Não muito distante dali, um pequeno grupo de pessoas observava as redondezas. Eram cinco no total e apenas quatro deles eram garous. Cinco-tiros vestia um sobretudo marrom escuro muito surrado e mais nada por baixo dele. Ao seu lado, uma jovem de cabelos negros usava uma calça jeans desbotada e uma camiseta preta com o símbolo de uma banda de death metal não muito famosa. Michele estava muito nervosa, mas não conseguia desviar o olhar dos companheiros que seu mentor escolheu para serem as testemunhas de seu batismo.

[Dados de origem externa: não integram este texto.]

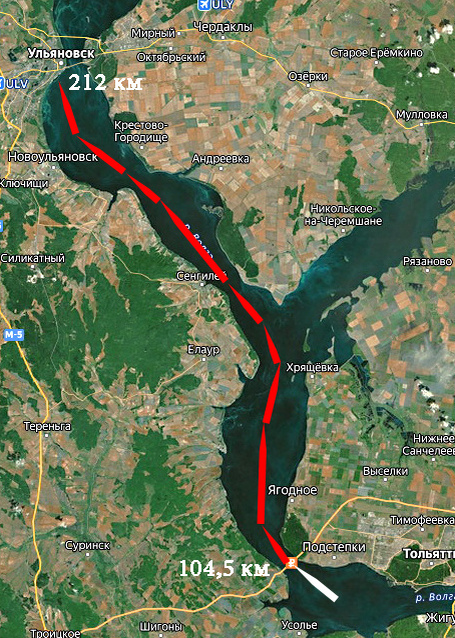 Уважаемые читатели, в предыдущей статье мы с Вами в полночь расстались у Климовского моста в Самарской области, а утро встречаем уже в Ульяновской. Протяжённость ночного перехода составила около 108 километров. Я уже писал ранее, что круиз на теплоходе «Принцесса Анабелла» должен проходить по маршруту Самара – Тетюши – Самара, но из-за штормового предупреждения крайней точкой круиза вместо Тетюшей стал Ульяновск. Для меня это изменение было на руку: Тетюши я уже посещал, а в Ульяновске бывал только по служебным делам, во время которых было не до экскурсий. Восход солнца на Куйбышевском водохранилище. До Ульяновска 2 часа хода, это примерно 25 километров. Через полтора часа на правом берегу в поле зрения появился Ульяновск. Напротив, на левом берегу Волги, севернее села Красный Яр Чердаклинского района видны ветроэлектрические установки («ветряки») ветроэлектростанции, их ещё называют ветропарками. Прямо по курсу вдали – Императорский мост. Из-за изменения программы круиза его проходить
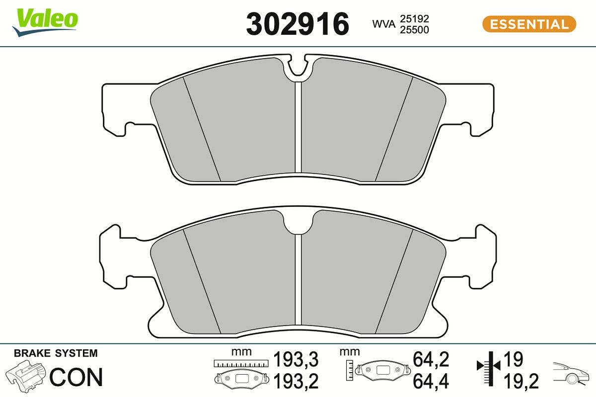 VALEO Kit pastiglie freno, Freno a disco 302916 ESSENTIAL
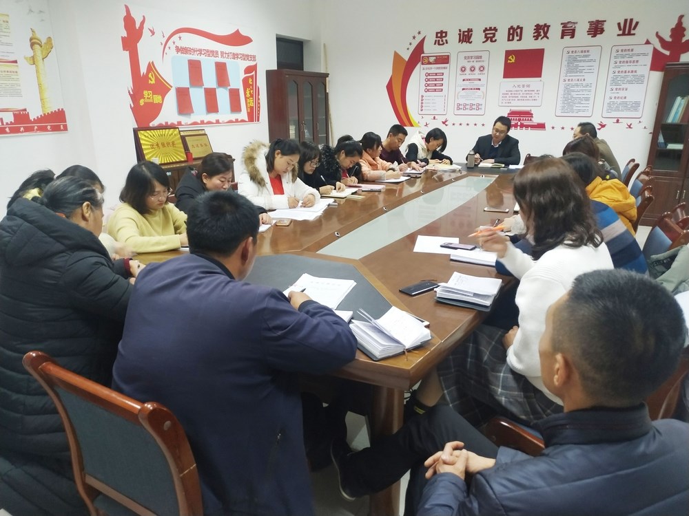 根据中共瓜州县教育局党组《关于教育系统学习贯彻党的十九届四中全会精神的通知》。11月26日晚上,瓜州县锁阳城镇中心小学全体教职工召开了学习贯彻党的十九届四中全会精神专题研讨交流会。会议由党支部书记汤国强主持。会上,支委会班子成员围绕十九届四
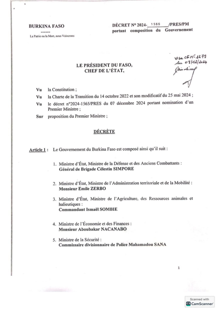Au Burkina-Faso, le nouveau Gouvernement est connu. 24 heures après sa nomination, le Premier ministre Rimtalba Jean Emmanuel Ouédraogo a constitué ce dimanche 08 décembre 2024 une équipe de 24 membres. Ci-dessous la liste.
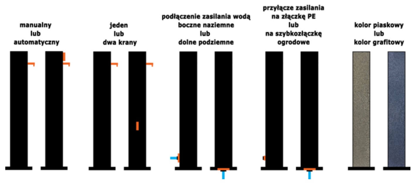 Punkty poboru wody oferujemy w kilku wariantach w kolorze piaskowym lub grafitowym:
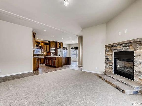 Mount Evans floor plan with large island in the kitchen, stainless steel kitchen appliances, stainless steel farm sink in kitchen, pot filler above electric cook top, gas fireplace in living room, large shower in master bath with walk in master closet, home comes with central air, fully landscaped front/back, is in a cul-de-sac facing South.
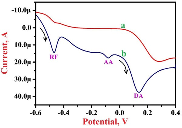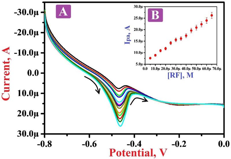 Poly niacin modified graphite paste electrode (PNNMGPE) provides more affinity towards RF detection with high sensitivity and selectivity over bare graphite paste electrode. RF calibration curve was obtained by LSV between 5.0 µM to 65.0 µM with 0.782 µM limit of detection (LOD) and 2.7608 µM limit of quantification (LOQ), respectively. Selective analysis of RF in the presence of ascorbic acid (AA) and dopamine (DA) was performed at PNNMGPE by the LSV method.
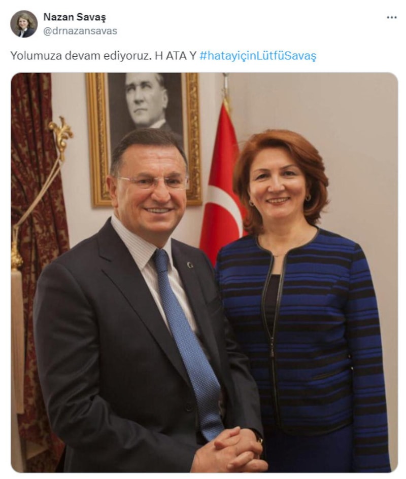 Hataylıların tepki gösterdiği Lütfü Savaş kararının ardından CHP'nin geri adım atmasının üzerine Savaş'ın eşi, sosyal medya hesabından yaptığı paylaşımda Atatürk'lü bir göndermede bulundu.

Chuva Rubra era um homem incrivelmente alto e forte, seus músculos rijos se destacavam facilmente por baixo da calça e da jaqueta de couro preto que vestia, ele não era muito falante. Seu torso nu possuía várias cicatrizes e seu rosto era medonho, parecia um gorila, muito peludo, de presas salientes e unhas que se assemelhavam a garras.
Lâmina Reluzente era uma mulher tão bonita quanto fria. Ela segurava uma enorme espada na mão direita e usava um vestido tão vermelho quanto seus cabelos, que deslizavam suavemente por conta da brisa noturna que corria pela cidade no inverno. Suas feições de desagrado expressavam claramente o desprazer que ela sentia por estar naquele lugar.
O terceiro se chamava Reed, e aparentava ser um pouco mais velho que Michele e quase da mesma altura que ela, um garoto aparentemente normal que se vestia como um nerd. Ela não sentia nele o cheiro característico de um humano, mas ele também não possuía o mesmo cheiro que os outros garous tinham.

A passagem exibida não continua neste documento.